▶ _INFORMATION PROVIDED_:
== == ==

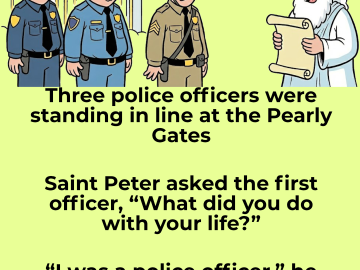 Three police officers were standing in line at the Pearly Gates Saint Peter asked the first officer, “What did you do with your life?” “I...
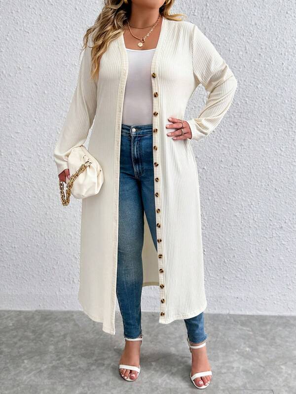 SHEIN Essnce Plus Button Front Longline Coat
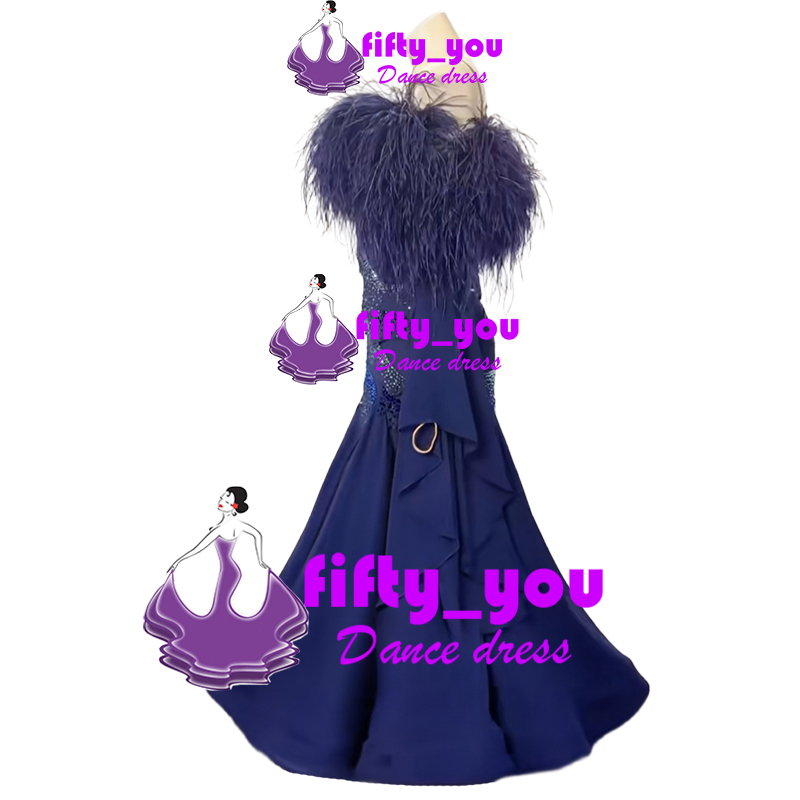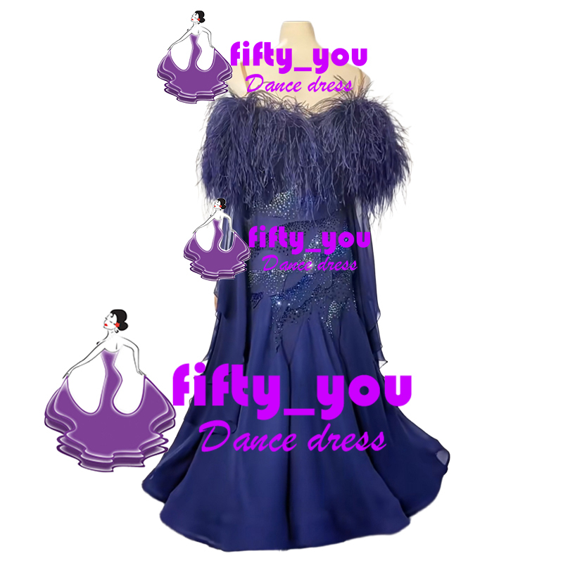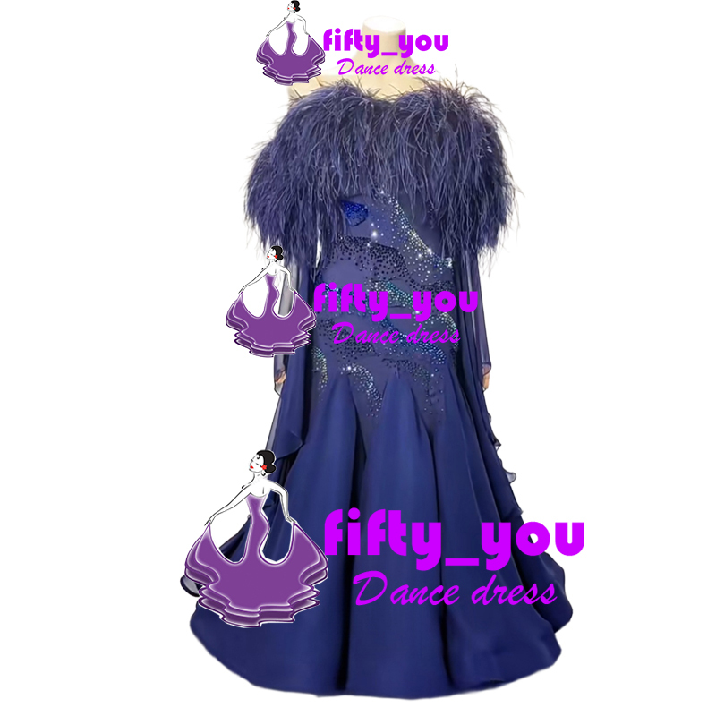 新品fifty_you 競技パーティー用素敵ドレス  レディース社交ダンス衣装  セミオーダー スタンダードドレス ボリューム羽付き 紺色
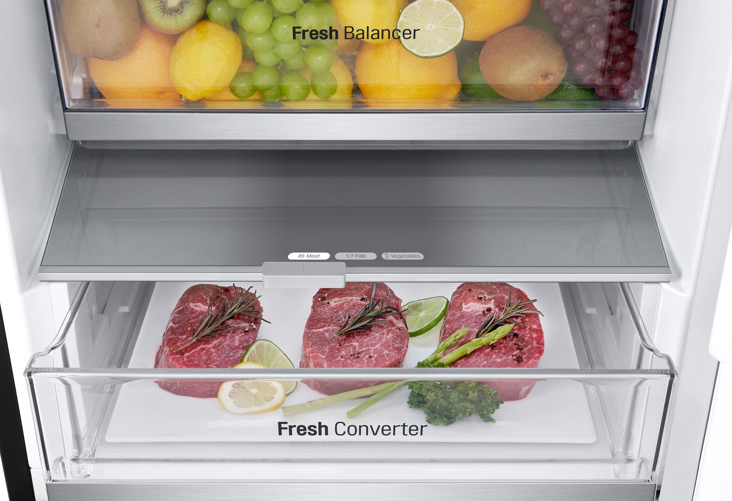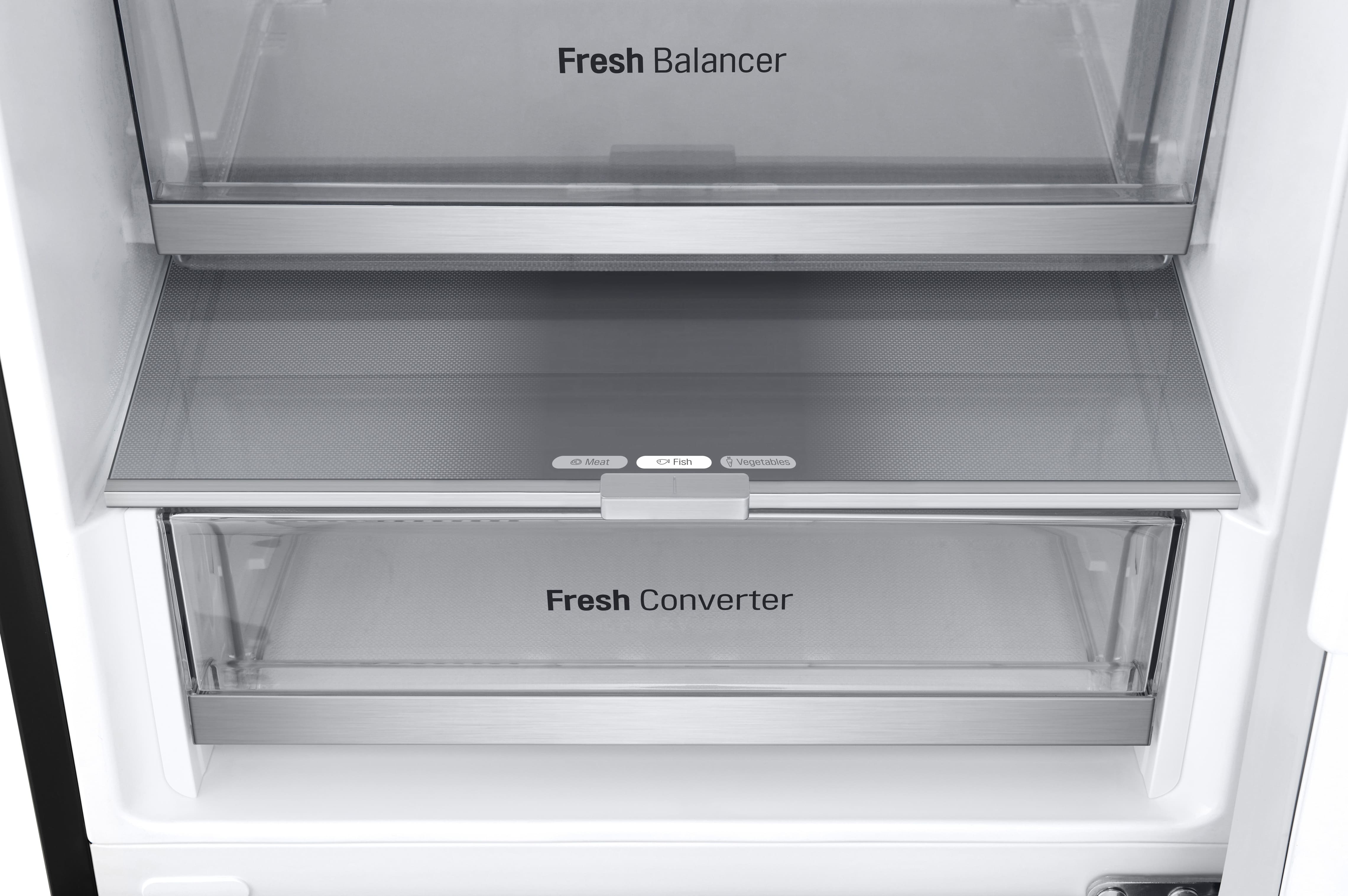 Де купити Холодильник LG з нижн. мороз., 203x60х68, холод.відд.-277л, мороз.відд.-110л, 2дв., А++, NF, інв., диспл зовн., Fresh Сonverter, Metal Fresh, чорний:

== == ==

▶ _ASSIGNMENT_: The required output is the line containing "SHEIN Essnce Plus Button Front Longline Coat" plus every line after it to the end of the data, copied exactly and with no pictures.

▶ _ANSWER_:
 SHEIN Essnce Plus Button Front Longline Coat
 新品fifty_you 競技パーティー用素敵ドレス  レディース社交ダンス衣装  セミオーダー スタンダードドレス ボリューム羽付き 紺色
 Де купити Холодильник LG з нижн. мороз., 203x60х68, холод.відд.-277л, мороз.відд.-110л, 2дв., А++, NF, інв., диспл зовн., Fresh Сonverter, Metal Fresh, чорний:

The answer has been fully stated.